On Wed, Nov 27, 2024 at 11:20 PM Max Kellermann max.kellermann@ionos.com wrote:
In two `break` statements, the call to ceph_release_page_vector() was missing, leaking the allocation from ceph_alloc_page_vector().
Cc: stable@vger.kernel.org Signed-off-by: Max Kellermann max.kellermann@ionos.com
fs/ceph/file.c | 2 ++ 1 file changed, 2 insertions(+)
diff --git a/fs/ceph/file.c b/fs/ceph/file.c index 4b8d59ebda00..24d0f1cc9aac 100644 --- a/fs/ceph/file.c +++ b/fs/ceph/file.c @@ -1134,6 +1134,7 @@ ssize_t __ceph_sync_read(struct inode *inode, loff_t *ki_pos, extent_cnt = __ceph_sparse_read_ext_count(inode, read_len); ret = ceph_alloc_sparse_ext_map(op, extent_cnt); if (ret) {
ceph_release_page_vector(pages, num_pages); ceph_osdc_put_request(req); break; }
@@ -1168,6 +1169,7 @@ ssize_t __ceph_sync_read(struct inode *inode, loff_t *ki_pos, op->extent.sparse_ext_cnt); if (fret < 0) { ret = fret;
ceph_release_page_vector(pages, num_pages); ceph_osdc_put_request(req); break; }
-- 2.45.2
On Thu, Nov 28, 2024 at 1:18 PM Alex Markuze amarkuze@redhat.com wrote:
Pages are freed in `ceph_osdc_put_request`, trying to release them this way will end badly.
I don't get it.
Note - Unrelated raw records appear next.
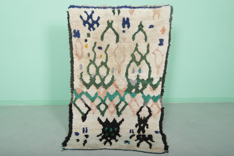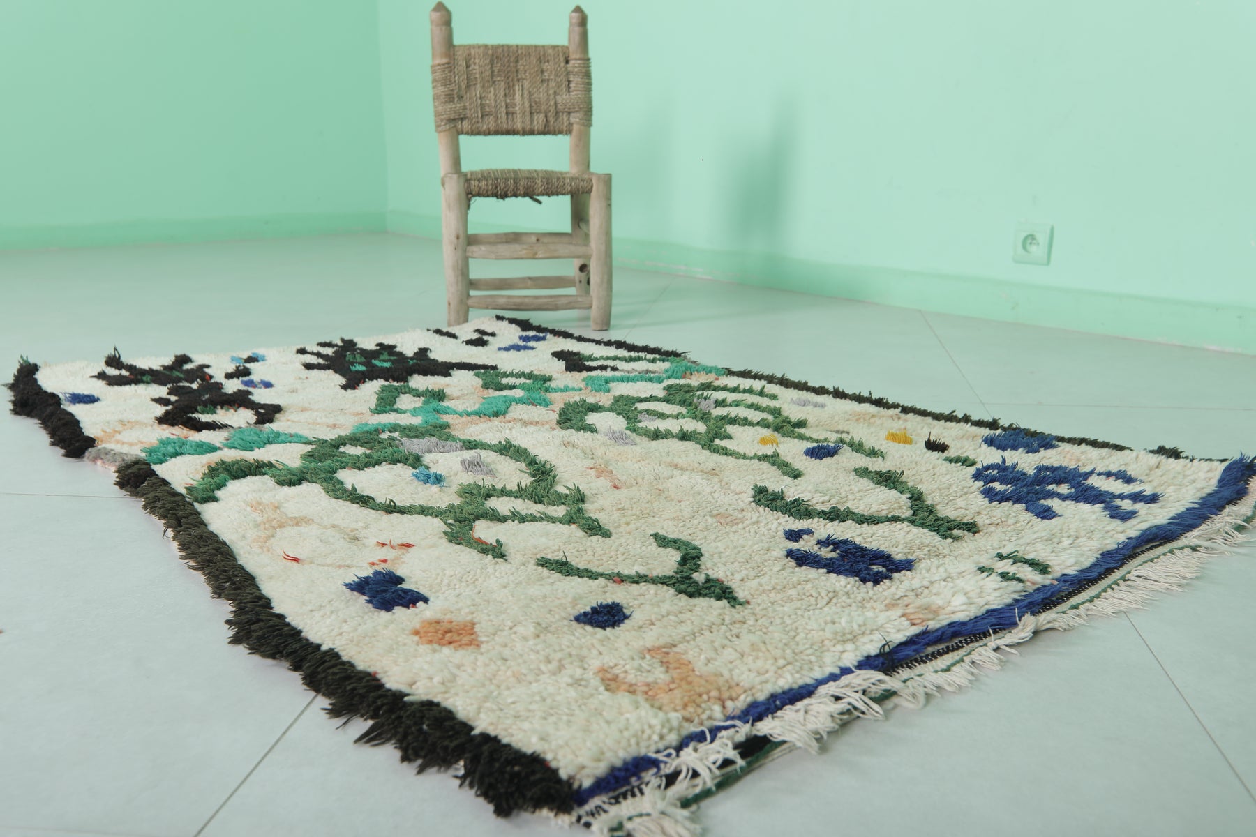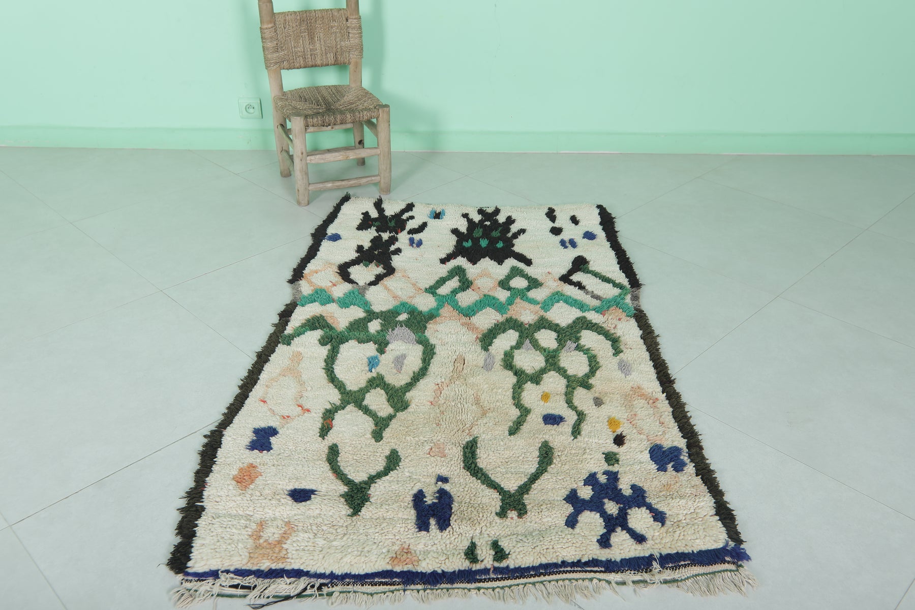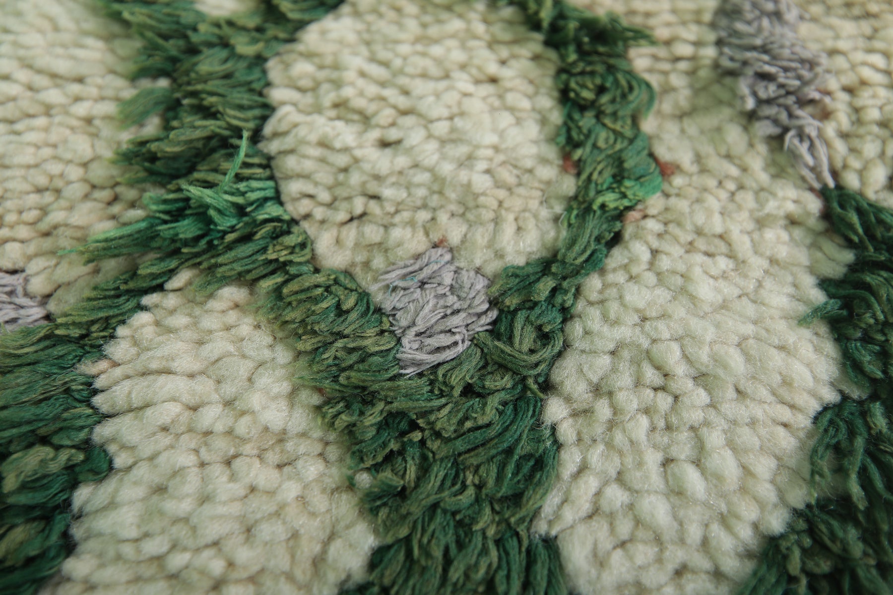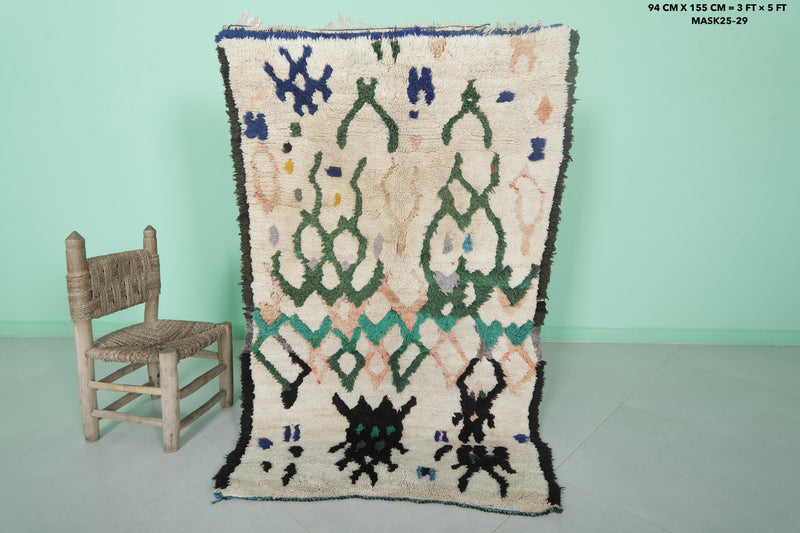Elevate your space with this Moroccan Berber rug, measuring 3 x 5 feet. Handwoven by skilled artisans, this exquisite piece showcases a blend of traditional and contemporary patterns in green, black, and blue on a neutral background. Crafted from premium wool, it offers warmth, durability, and a timeless aesthetic, making it a unique addition to living rooms, bedrooms, or as an eye-catching accent piece.
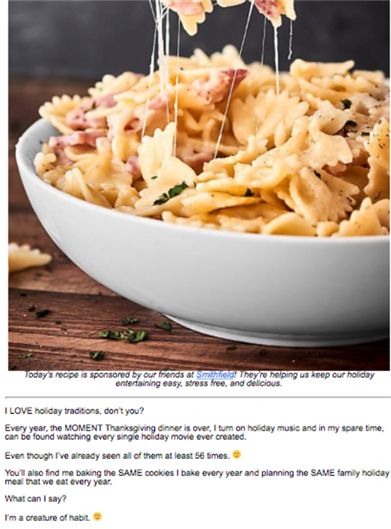 或者,卖家可以在邮件中提供利用剩余火腿烹饪美味食物的创意攻略,例如Show Me The Yummy的示例:
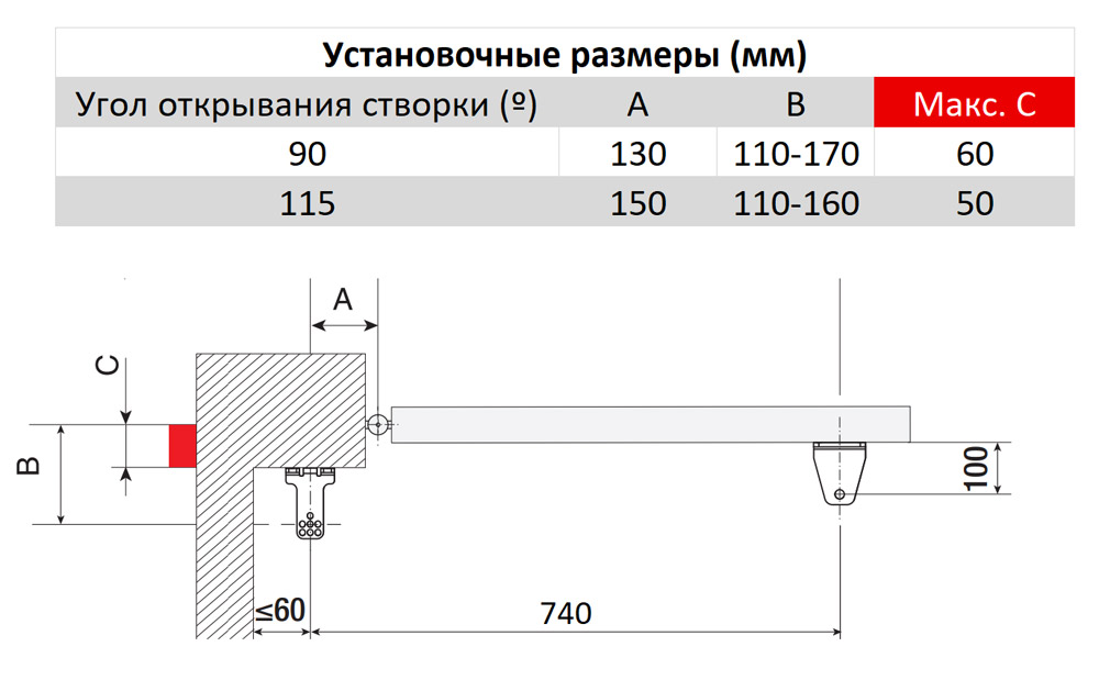 * Ориентировочное минимальное значение при максимальной скорости движения и минимальной скорости замедления. Масса и тип створки, состояние износа ворот и географическая зона могут существенно повлиять на это значение.

If this ends badly, why does the other ceph_release_page_vector() call after ceph_osdc_put_request() in that function not end badly?
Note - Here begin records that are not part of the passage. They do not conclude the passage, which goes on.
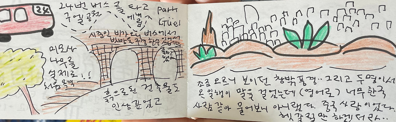공용 거실에는 최대한 있지 않을 생각이었다. 방에도 간이 탁자와 의자가 있어 저녁거리를 들고 방으로 들어왔다. 옆 방 청년들은 아직 복귀 전인 것 같았지만, 다시 불편할 수 있는 여지를 만들고 싶지 않았다. 그들은 바르셀로나의 저녁을 더 즐기다 오려는지 소식이 없었고 우린 저녁을 다 먹고 씻은 후 각자의 침대에 올랐다. 무거워진 눈을 들고 수첩을 열어 오늘 있었던 일을 그리고 쓰던 중이었다. 그때,
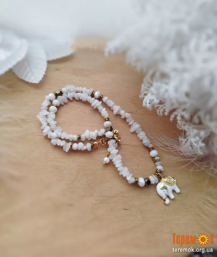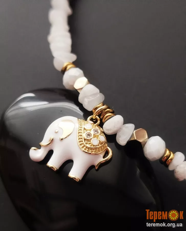 Склад: ювелірний тросик, сталева фурнітура, натуральний полірований гравій нефрит/жадеїт біло- молочний, золотистий гематит (камінь-мінерал), кришталеві намистини 6 мм, підвіска слон латунний з емалю оздоблений цирконами.
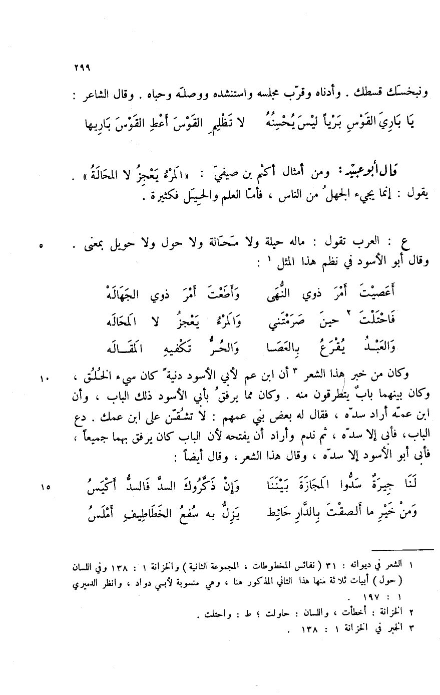 (1) الشعر في ديوانه: 31 (نفائس المخطوطات، المجموعة الثانية) والخزانة 1: 138 وفي اللسان (حول) أبيات ثلاثة منها هذا الثاني المذكور هنا، وهي منسوبة لأبي داود، لوانظر الدميري 1: 197.
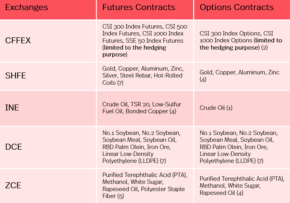 Before the implementation of the new QFI rules , overseas entities and individual investors meeting certain eligibility criteria were permitted to trade seven types of commodity futures contracts through the internationalised futures regime, as well as trade stock index futures for hedging purpose under the QFI scheme. Now under the updated QFI policies, 23 commodity futures contracts, 16 commodity options and two index options contracts are now made available for QFIs, which are set out as follows:
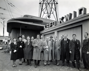 Unidentified members of the staffs of KSFO (560 kc. AM) and international shortwave station KWID, both operated by The Associated Broadcasters, are shown at the stations’ shared transmitter site near Islais Creek in San Francisco in this undated photograph. (Staff from the Office of War Information, which advocated the creation of KWID, may also be present in this photograph.)
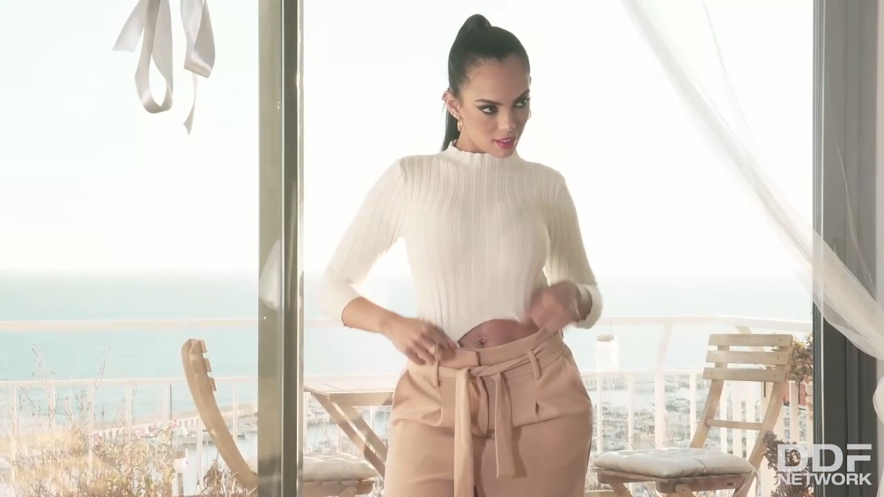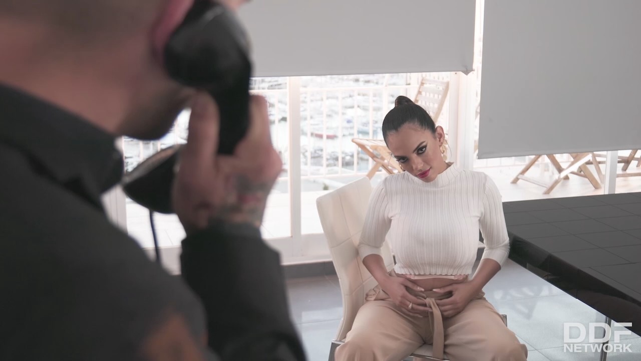 Латинка собралась прошвырнуться с любимым по магазинам и заглянуть в кафешку, так как завтрак она не готовила. Одевшись в уличную одежду и спустившись по лестнице, она вновь расстроилась, так как любимый отвернулся при разговоре по телефону чтобы не отвлекаться на симпатичную жену, требующую особого внимания. Но когда та стянула с него брюки и начала сосать, деловой разговор стало сложно вести и пришлось положить трубку чтобы насладиться ротиком и пихом между больших грудей. Знойная брюнетка осталась в одних трусиках, ведь дырочка ей сейчас не понадобится, а вот сиськи - да.
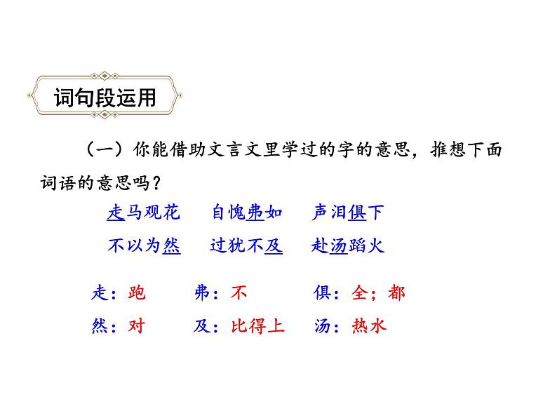 (一)你能借助文言文里学过的字的意思,推想下面词语的意思吗?
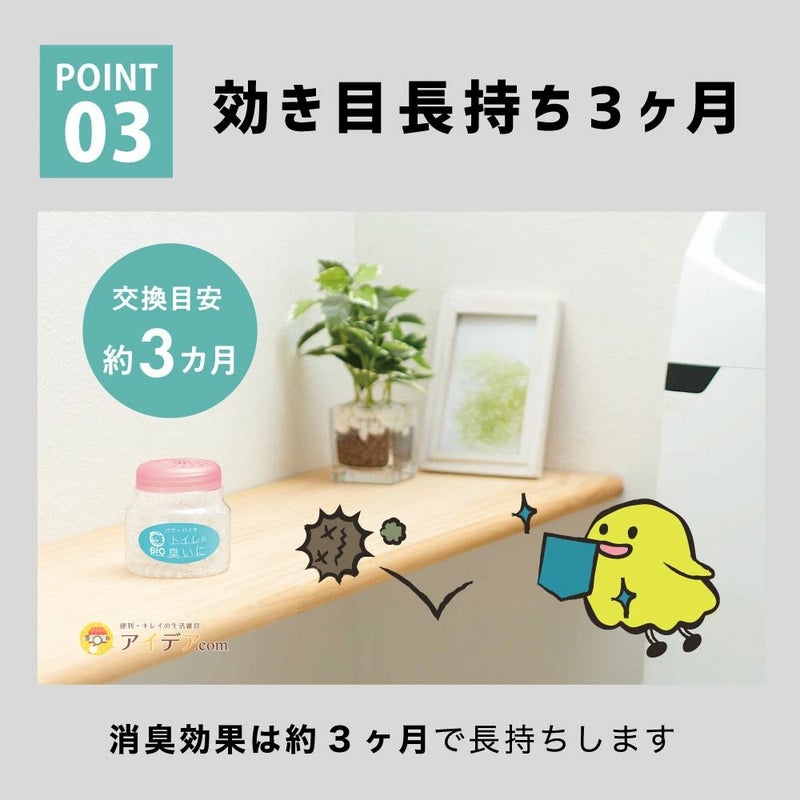 トイレに置くだけ。体にやさしい微生物が臭いを食べてくれる! バイオトイレの臭いにSP ![]() すぐに購入したい方はこちら ![]() ![]() ![]() ![]() ![]() ![]() ![]() ![]() ![]() ![]() ![]() トイレに置くだけで、「バイオ」が悪臭を食べてくれるので、嫌なアンモニアの臭いが気になりません。「バイオ」は天然の微生物。カビの繁殖や汚れの原因を食べて、空気をクリーンにしてくれます。元々存在している微生物なので、人体や環境にも害がありません。小さいお子さまやペットのいるお家でも安心ですね。効き目は約3か月間。ビーズが減ってくると取り替え時期なので、ぱっと見て分かるのも嬉しいですね。 |

On Thu, Nov 28, 2024 at 1:28 PM Max Kellermann max.kellermann@ionos.com wrote:
On Thu, Nov 28, 2024 at 1:18 PM Alex Markuze amarkuze@redhat.com wrote:
Pages are freed in `ceph_osdc_put_request`, trying to release them this way will end badly.
I don't get it. If this ends badly, why does the other ceph_release_page_vector() call after ceph_osdc_put_request() in that function not end badly?
Look at this piece:
osd_req_op_extent_osd_data_pages(req, 0, pages, read_len, offset_in_page(read_off), false, false);
The last parameter is "own_pages". Ownership of these pages is NOT transferred to the osdc request, therefore ceph_osdc_put_request() will NOT free them, and this is really a leak bug and my patch fixes it.
I just saw this piece of code for the first time, I have no idea. What am I missing?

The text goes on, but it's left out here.